Although we employed all available tools at our disposal, it still took 3 months on average to develop a single end-to-end solution. As engineers, we knew one thing was certain — there must be a better way.

The Feature Engineering Bottleneck

The data we received was not only extremely detailed, but often distributed across multiple files. or database tables. While we could easily describe its potential, we still had to manually prepare the data for the machine learning algorithms. These algorithms need data to be in a single table, with training examples in the rows and the explanatory variables (also known as features) in the columns.

This data representation for machine learning is called the “feature matrix.” And “feature engineering” is the process of identifying and extracting predictive features in the complex data that enterprises typically work with.

Feature engineering is challenging because it depends on leveraging human intuition to interpret implicit signals in datasets that machine learning algorithms use. Consequently, feature engineering is often the determining factor in whether a data science project is successful or not. Stanford Professor Andrew Ng accurately said, “…applied machine learning is basically feature engineering.”

The importance of feature engineering is clear. Unfortunately, it is frequently the bottleneck in the data science process because it requires both domain expertise to brainstorm ideas and the technical expertise to implement them.

This means that the best predictive models are only capable of being developed by a select group of people in most enterprise organizations today.

Inventing Feature Engineering Automation

Renowned machine learning professor Pedro Domingos says, “one of the holy grails of machine learning is to automate more and more of the feature engineering process.” In 2014, we made it our goal to create an approach to automate feature engineering for real-world datasets.

Our work at MIT became the “Data Science Machine,” which was used to compete in key data science competitions. The results at the time showed the potential of what we were building — our system outperformed 615 of the 906 human teams that we competed against.

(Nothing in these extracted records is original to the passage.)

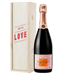 Everyone knows, pink is the colour of love and Champagne is the taste of Valentine’s Day. This February treat your Valentine to an extra special gift with this exceptional gift set. Enjoy a single bottle of Veuve Clicquot Rose Champagne after a romantic meal and make it a night to remember! This gift is beautifully presented in one of our wooden gift boxes with ‘With Love’ printed on the lid and is protected with wood wool for safe delivery. You can personalise this gift with a written and printed message. Send this gift straight to someone’s door with next day or selected date delivery anywhere in the UK.
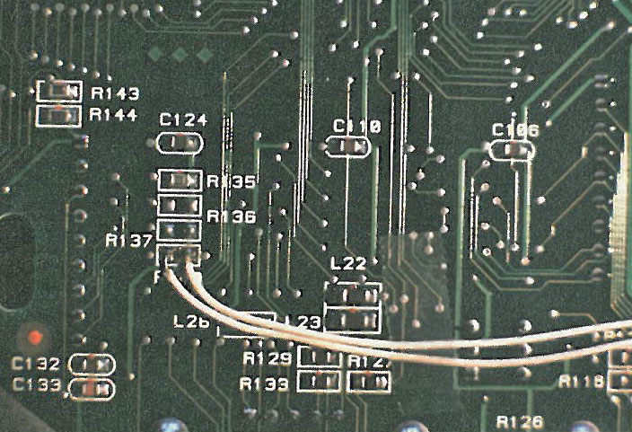 Als nächstes muß man den Jumper R140 auf der Platinenunterseite lokalisieren. Dazu sucht man links, oberhalb des linken Joypadports eine Reihe von fünf untereinanderliegenden Jumpern. Die obersten beiden und der unterste davon sind bestückt, und genau der unterste ist der gesuchte Jumper. Er trägt bei „älteren“ Jaguar-Konsolen die Bezeichnung R140, während bei neueren PAL-Geräten die Beschriftungen auf der Unterseite fehlen.
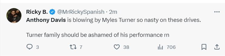 步行者球迷则对特纳的表现不满,他表示浓眉各种硬怼特纳,特纳根本无法限制浓眉,特纳的家人应该感到羞辱。
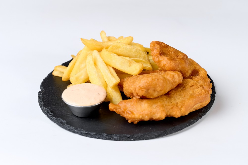 Філе хека смажений в клярі з картоплею фрі та соусом тартар.350 г
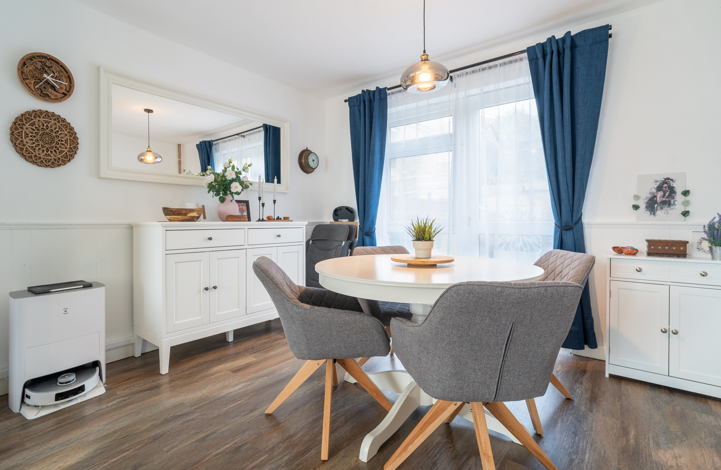 • A new air-source heat pump (installation finished late 2024) provides all heating and hot water.
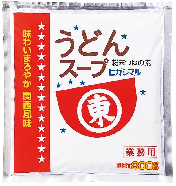 ヒガシマル醤油は天正年間から四百年以上にわたり醤油を造り続けております。当社の淡口醤油は素材の持味を生かすために開発された醤油で濃口醤油はくせのないおだやかなものでしょうゆのうまみを味わえます。また、原料にこだわり、地産地消を地元の契約農家とともにすすめております。真昆布のうまみとかつお節のコクを利かせ、うすくち醤油でまろやかに仕上げた粉末うどんスープです。
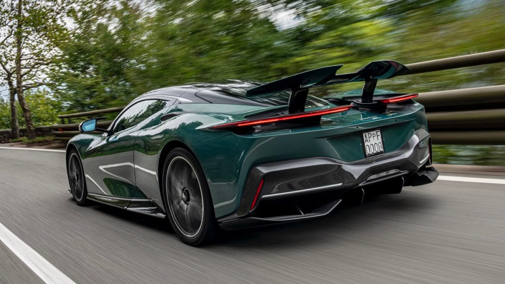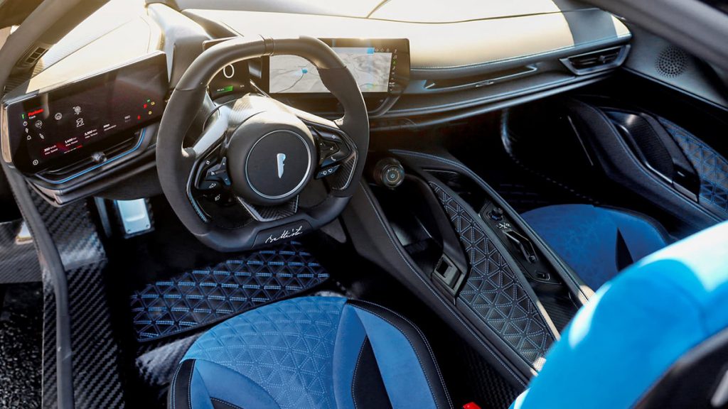 These performance levels are delivered alongside an electric range of over 500 km on a full charge, thanks to the car’s 120 kWh battery pack, mounted within a solid T-shaped carbon frame low down in the chassis.
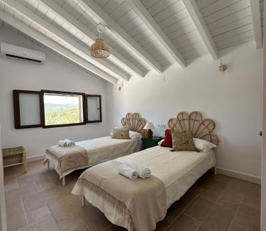 A recently renovated villa, Casa Manuela offers accommodations in Montefrío. This property offers a private pool, free Wifi, and free private parking. The villa has a picnic area and a fitness room. Offering direct access to a balcony with pool views, the spacious air-conditioned villa consists of 5 bedrooms. Featuring a terrace with mountain views, this villa also includes a flat-screen TV, a well-equipped kitchen with a dishwasher, an oven, and a microwave, as well as 5 bathrooms with a shower and a hair dryer. The property has an outdoor dining area. Guests can also relax in the garden. Federico Garcia Lorca Granada-Jaen Airport is 29 miles from the property.

We accomplished this by using an approach that took hours, instead of weeks, to run. While this system deployed many advanced techniques to its advantage, the integral innovation to our success was Deep Feature Synthesis, our algorithm for automated feature engineering. We demonstrated that our system could reach human-level performance. But our goal was never to replace human data scientists. Rather, we sought to augment their work.

According to Gartner, even if an “organization already has a data science team … it may need to be enhanced with even more specialized data science skills specific to machine learning, such as feature engineering and feature extraction.” With Deep Feature Synthesis, we could make it easier for people to not only learn data science, but apply it too.

Feature Labs: making machine learning more accessible

Companies today have a growing number of machine learning needs, but they face a shortage of data scientists who can solve them. Paradoxically, more people than ever before are interested in learning the data science process, but they don’t have access to the tools that make it easy or even feasible to learn.

Feature Labs is committed to dramatically increasing access to machine learning by making automated feature engineering a core part of our product. In the last few months, we have:

Through these initiatives we want to lower the barrier to entry for those who want to help companies address their machine learning difficulties and become the data scientists the business world so desperately needs. With Feature Labs, building high-performance machine learning models to generate value for businesses is accessible to everyone.